Здесь снова безопасность равнины
на горизонте,
и пустошь, рассеивающаяся в кустах и проводах,
и магазин, такой отчетливый, как растущая луна вчерашним вечером.

Родной, как воспоминание, угол улицы
с этими вытянутыми цоколями и обещанием патио.

Какое приятное свидетельство, вечная улица,  потому что так мало в тебе увидели мои дни!
Свет уже царапает воздух.

Мои годы прошли дорогами земли и воды,
и только рядом с тобой я тебя чувствую, улица, суровая и розовая.

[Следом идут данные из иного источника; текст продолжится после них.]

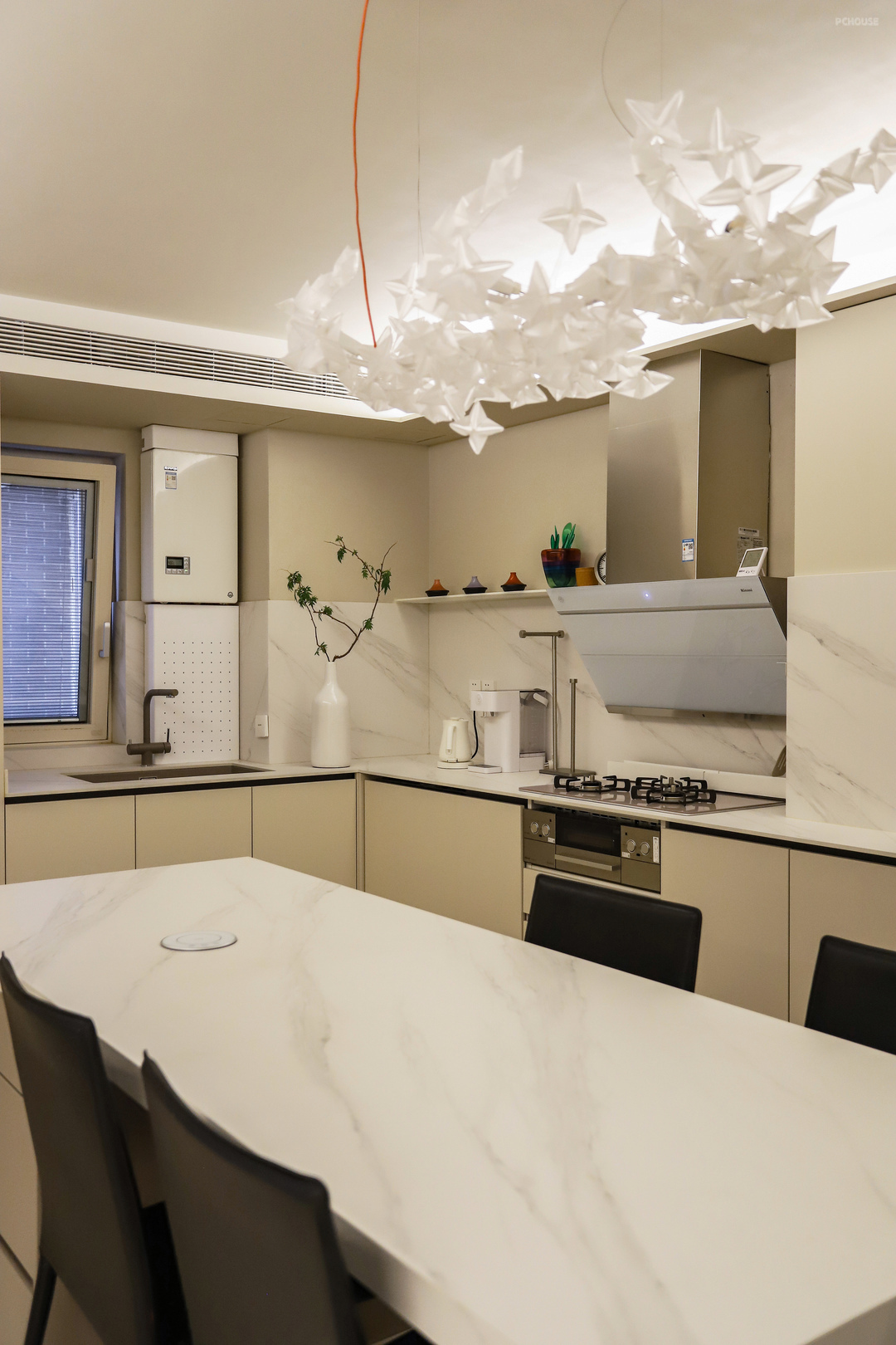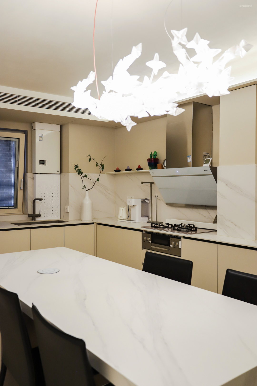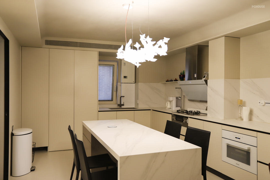 餐厅是一个800*2200mm的定制中岛,和厨房台面用的一种岩板材质,围绕它在厨房和餐区之间形成洄游动线。虽说是岛台,其实是正常餐桌的高度,餐桌下方还有一组背靠背的抽屉柜,两边都能使用。桌面上还安装了升降插座,吃火锅啊或者要在这办公的话,按个按钮,插座就能升上来,还是蛮方便的,不用的时候收起来也不会碍事。餐厅吊灯选的是意大利的Slamp Hanami,时尚又简约。

Я думаю, что вдруг твои стены придумали рассвет,
магазин, что на кончике ночи так отчетливо виден.

Я думаю, и мой голос становится среди домов
исповедью моей бедности:
я не вглядывался в реки, ни в море, ни в горы,
но со мной подружился свет Буэнос-Айреса,
и я кую стихи моей жизни и моей смерти в этом уличном свете.

Улица, большая и терпеливая,
ты единственная музыка, о которой знает моя жизнь.